Introduction

In December 2019, the Chinese city of Wuhan experienced an outbreak of a severe form of pneumonia of unknown cause. By January 7, the pathogen had been identified as a novel coronavirus, the severe acute respiratory syndrome coronavirus 2 (SARS-CoV-2) [1]. The disease was later designated coronavirus disease 2019 (COVID-19) by the World Health Organization [2]. Although a travel ban in and out of Wuhan was imposed [3], the virus spread around the globe, and COVID-19 was declared a global pandemic on March 11, 2020 [2]. Consequently, there is a large public-health need to study risk factors for developing severe COVID-19. Such studies can help inform strategies for vaccination and disease prevention.

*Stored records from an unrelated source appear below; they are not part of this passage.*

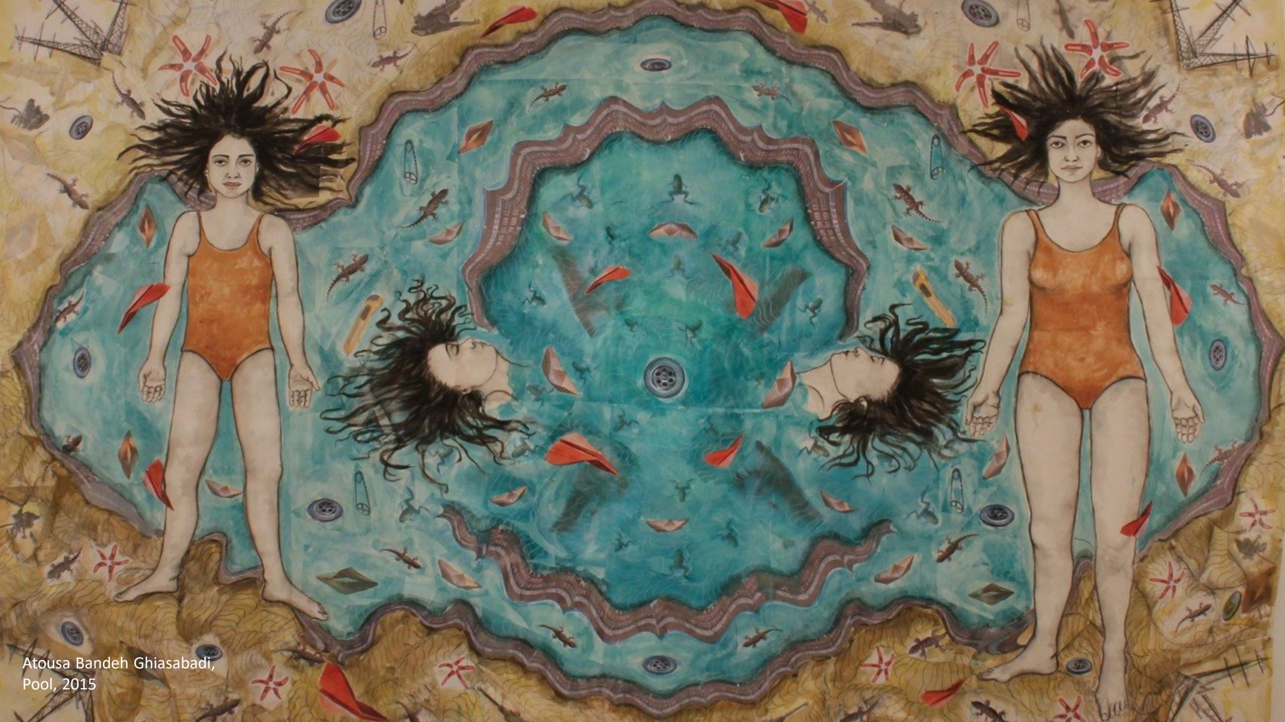
Atousa Bandeh Ghiasabadi, Pool, 2015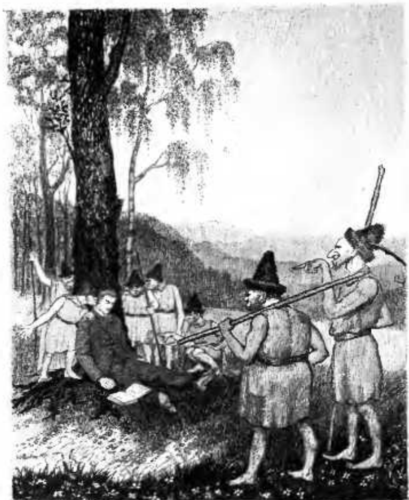
WHISPERED MALICIOUS TALES INTO HIS EARS.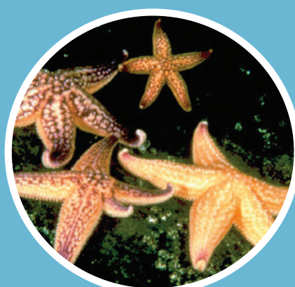
Northern Pacific Seastar

These marine pests are not known to occur in NSW: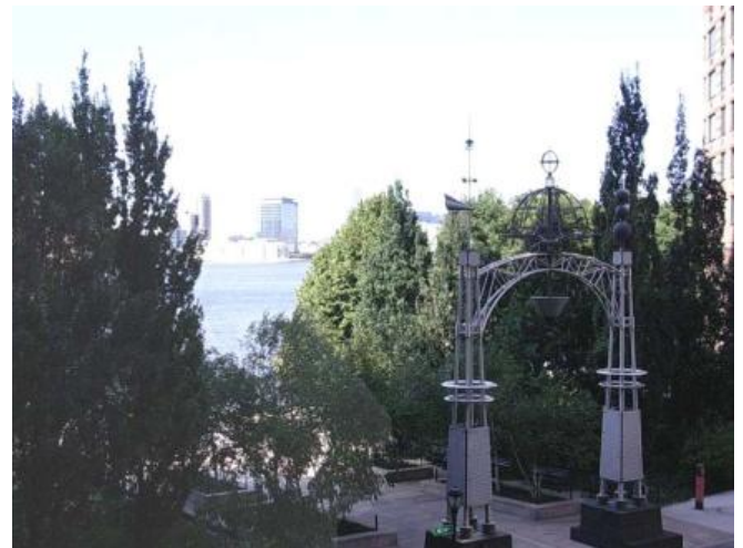
River Views From Balcony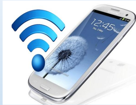
DISCONNECT MOBILE DEVICES FROM YOUR WIFI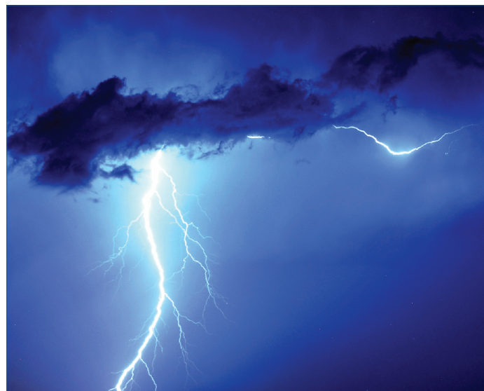
Protection from the Severest Environment

Observational studies have shown that older age, male sex, and comorbidity in general are important risk factors for developing severe COVID-19 [4,5,6,7,8]. However, the results of these studies are inconsistent for particular comorbidities, such as hypertension [5,6,7,8,9], respiratory diseases [4, 6, 7], and cardiovascular disease [5, 7, 8]. Severe COVID-19 has also been associated with demographic factors such as minority ethnicity and low income [7]. The limitations of previous observational studies include small sample size [5, 6, 10], focus on particular risk factors [11, 12], lack of general-population control group [4,5,6, 8,9,10], and focus on a few particular outcomes, such as COVID-19-related death [7, 12], in-hospital mortality [4, 5, 9], or intensive care unit (ICU)/critical care admission [4, 5]. Therefore, we used data from Swedish national registries to investigate the importance of potential medical and demographic risk factors for COVID-19 diagnosis, hospitalization (with or without ICU admission), and subsequent all-cause mortality during the first wave of COVID-19.

Methods

Data

The Public Health Agency of Sweden provided data from its SmiNet database on all cases of COVID-19 confirmed in Sweden until mid-September 2020. Reporting confirmed cases to SmiNet is required by law. We did not have information on the methods of testing used to diagnose the COVID-19 cases. Only the first date of diagnosis or positive test for each individual was provided.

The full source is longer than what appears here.